Living more simply, she insisted, is not about denigrating the body, but “a way of surrendering to reduced circumstances in a manner that enhances the whole person. It is a radical way of knowing exactly who, what and where you are, in defiance of those powerful forces in society – alcohol, drugs, television, shopping malls, motels – that aim to make us forget.”

Sometimes I wonder if we aren’t deprived enough. It’s when we don’t have something, or someone, that we learn to have gratitude for them and for the smaller things in life. We also learn how much we really don’t need. Every time I go camping I realize how much I can live without and wonder why I really need so much stuff! At night I’m grateful for a warm meal over the fire, for the stars in the sky, and a dry tent and sleeping bag. They are things I don’t even think about at home.

Norris tells a story about a monk who went to visit one of the desert fathers, Abba Moses, and asked him for a word. The old man said to him, “Go, sit in your cell, and your cell will teach you everything.”

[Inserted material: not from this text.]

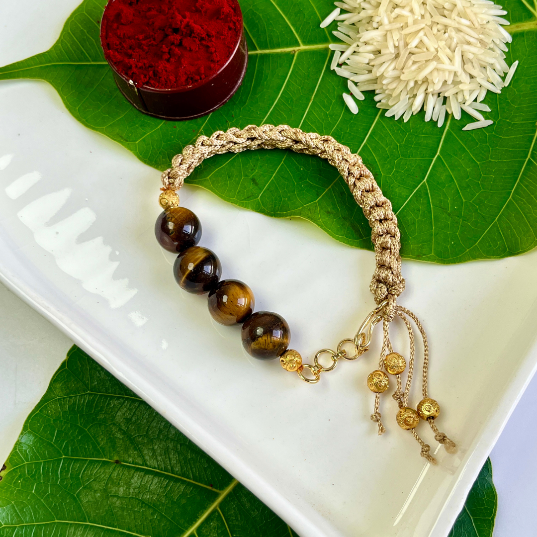 This Raksha Bandhan, celebrate the sacred bond with a rakhi that radiates strength and focus. Made with 12mm natural Tiger Eye beads, this rakhi is more than festive—it's a powerful talisman of protection and confidence for your brother.

Silence, space and simplicity… these are the spiritual lessons of the Great Plains. For those of us who seek the face of God, it is important to find time to cultivate those things – even in small amounts – wherever we are. For it is in letting the silence soak into us that our souls become calmer and more peaceful; it is in finding space to be that we accept and treasure others more; and it is in living more simply that we live more in gratitude, lose some of our need for material things, and replace it with what is truly important: a deeper relationship with the Divine.



Living a Balance

(This is the second in a three part sermon series on modern day mystics.)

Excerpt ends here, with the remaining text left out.